Segment Start: RECORDS SHOWN
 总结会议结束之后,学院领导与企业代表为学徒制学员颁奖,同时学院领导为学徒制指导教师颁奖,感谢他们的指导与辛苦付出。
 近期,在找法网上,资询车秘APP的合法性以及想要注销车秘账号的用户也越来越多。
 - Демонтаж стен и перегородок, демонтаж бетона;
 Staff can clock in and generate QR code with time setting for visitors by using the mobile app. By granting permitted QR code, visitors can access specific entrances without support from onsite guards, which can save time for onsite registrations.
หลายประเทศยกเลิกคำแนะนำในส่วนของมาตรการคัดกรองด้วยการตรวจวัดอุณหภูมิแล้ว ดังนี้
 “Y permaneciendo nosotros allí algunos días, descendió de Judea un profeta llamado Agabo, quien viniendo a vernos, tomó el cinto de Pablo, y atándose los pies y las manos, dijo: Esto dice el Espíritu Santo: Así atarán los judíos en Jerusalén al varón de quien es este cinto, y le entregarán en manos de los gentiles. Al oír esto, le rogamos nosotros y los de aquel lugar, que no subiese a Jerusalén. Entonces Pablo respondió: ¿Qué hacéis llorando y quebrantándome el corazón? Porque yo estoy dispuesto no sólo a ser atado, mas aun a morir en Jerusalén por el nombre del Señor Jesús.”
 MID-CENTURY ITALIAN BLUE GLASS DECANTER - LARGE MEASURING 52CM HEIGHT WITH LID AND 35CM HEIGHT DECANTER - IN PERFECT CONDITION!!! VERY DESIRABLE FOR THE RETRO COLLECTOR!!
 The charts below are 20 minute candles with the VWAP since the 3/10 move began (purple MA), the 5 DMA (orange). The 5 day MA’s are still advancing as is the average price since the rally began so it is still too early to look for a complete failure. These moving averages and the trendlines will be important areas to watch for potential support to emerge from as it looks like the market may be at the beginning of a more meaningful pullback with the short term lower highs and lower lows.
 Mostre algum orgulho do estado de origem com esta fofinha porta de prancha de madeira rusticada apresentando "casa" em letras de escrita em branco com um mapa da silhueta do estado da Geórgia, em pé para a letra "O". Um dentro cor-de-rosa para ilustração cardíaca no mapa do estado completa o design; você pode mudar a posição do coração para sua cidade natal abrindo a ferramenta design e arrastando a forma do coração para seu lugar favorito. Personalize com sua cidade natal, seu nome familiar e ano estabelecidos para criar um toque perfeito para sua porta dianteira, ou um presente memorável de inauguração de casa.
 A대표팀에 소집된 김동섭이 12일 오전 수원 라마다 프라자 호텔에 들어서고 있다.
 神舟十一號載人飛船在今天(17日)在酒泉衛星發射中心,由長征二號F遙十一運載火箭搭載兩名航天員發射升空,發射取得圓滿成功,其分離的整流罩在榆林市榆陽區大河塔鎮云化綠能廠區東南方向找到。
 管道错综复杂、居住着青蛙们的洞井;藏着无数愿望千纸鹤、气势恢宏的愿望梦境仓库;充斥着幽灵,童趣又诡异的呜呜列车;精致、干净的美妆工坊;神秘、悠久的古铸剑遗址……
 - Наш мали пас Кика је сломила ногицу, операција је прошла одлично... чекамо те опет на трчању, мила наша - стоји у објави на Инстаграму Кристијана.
Segment End: RECORDS SHOWN
§ **TRY IT**
Please find every line in the records that contains the word "from", and copy it out.

§ **ANSWER TO THIS EXERCISE**
 Staff can clock in and generate QR code with time setting for visitors by using the mobile app. By granting permitted QR code, visitors can access specific entrances without support from onsite guards, which can save time for onsite registrations.
 The charts below are 20 minute candles with the VWAP since the 3/10 move began (purple MA), the 5 DMA (orange). The 5 day MA’s are still advancing as is the average price since the rally began so it is still too early to look for a complete failure. These moving averages and the trendlines will be important areas to watch for potential support to emerge from as it looks like the market may be at the beginning of a more meaningful pullback with the short term lower highs and lower lows.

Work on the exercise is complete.